Depuis quarante ans, la société française souffre d’une grave maladie : le chômage de masse.
Ce mal a suscité une déferlante législative à tel point que le droit du travail apparaît aujourd’hui comme une forêt obscure où seuls les spécialistes peuvent trouver leur voie. Loin de favoriser l’emploi, le Code du travail suscite ainsi un rejet souvent injuste.
Il faut réagir.
Il n’est pas de domaine de l’Etat de droit qui ne repose sur des principes fondamentaux. C’est à mettre en lumière ces principes, disparus sous l’avalanche des textes, que cet ouvrage est consacré. Sur leur base, il appartiendra aux pouvoirs publics et aux partenaires sociaux de décliner les règles applicables aux relations de travail, selon les branches et les entreprises.
Mais rien ne sera fait de durable et d’efficace sinon dans le respect de ces principes. Puisse l’accord se faire sur eux, dans l’intérêt de tous.
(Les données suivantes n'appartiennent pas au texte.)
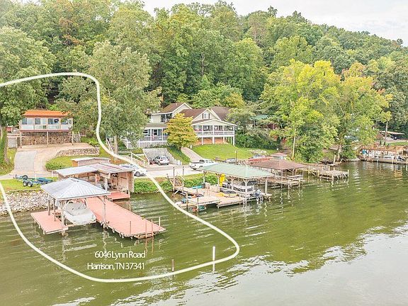 WATERFRONT living on the Tennessee River! This charming two-bedroom lake cottage offers sweeping panoramic views of Chickamauga Lake, along with a spacious TVA permitted private dock (1,048 sq ft) and a covered boat slip (330 sq ft) featuring a working two-motor lift and jet ski lift. Enjoy stunning sunsets and peaceful lake views from the fully enclosed, climate-controlled sunroom—the perfect spot to relax any time of day. Inside, the open-concept layout with hardwood floors is filled with natural light, thanks to large picture windows that frame the water from most rooms. The home includes a carport with room for multiple vehicles, plus two extra parking spaces located near the dock. Whether you're looking for a permanent lakeside residence or a serene weekend getaway, this is an incredible opportunity to enjoy year-round lake life. Located on Lynn Rd, a private road with a rich history and small-community charm within Sunset Landing, originally built for Union workers. Property will be sold As-Is. Note: HOA requires leases to be minimum 6 months, and short-term rentals are not permitted. Buyer to verify any and all information deemed important.

Il se trouve que j’ai gardé de mes études universitaires un goût prononcé pour le Droit du travail, la vie a décidé d’autres chemins professionnels pour moi, mais je n’aurais pas détesté approfondir le sujet.
Le Droit du travail est sans doute l’expression la plus aboutie de ce qu’on peut appeler une politique sociale, et partant économique.
La France reste bloquée, slogan contre slogan, comme si la liberté s’opposait à la protection, comme si la mobilité s’opposait à la réduction du chômage, etc. Il ne sera pas passé 24 heures que le rapport de Robert Badinter ne soit étrillé par une certaine gauche comme par une certaine droite, qui sont aux abonnés absents de la réflexion politique.
C’est le gouvernement dirigé par le socialiste Elio di Rupo qui a instauré, en Belgique, le contrat de travail unique, il y a trois ans. Dans un pays pourtant ultra-syndicalisé, on n’a vu aucun défilé de masse se lever contre un tel projet, tout simplement parce qu’on s’est rendu compte que le nouveau système profitait au travailleur autant qu’à l’entreprise. En France, c’est tous aux abris dès qu’il s’agit de déverrouiller la machine à produire du chômage…
Un conseil : lisez le bouquin de Badinter et Lyon-Caen, et faites le lire à vos élus ! On peut toujours rêver…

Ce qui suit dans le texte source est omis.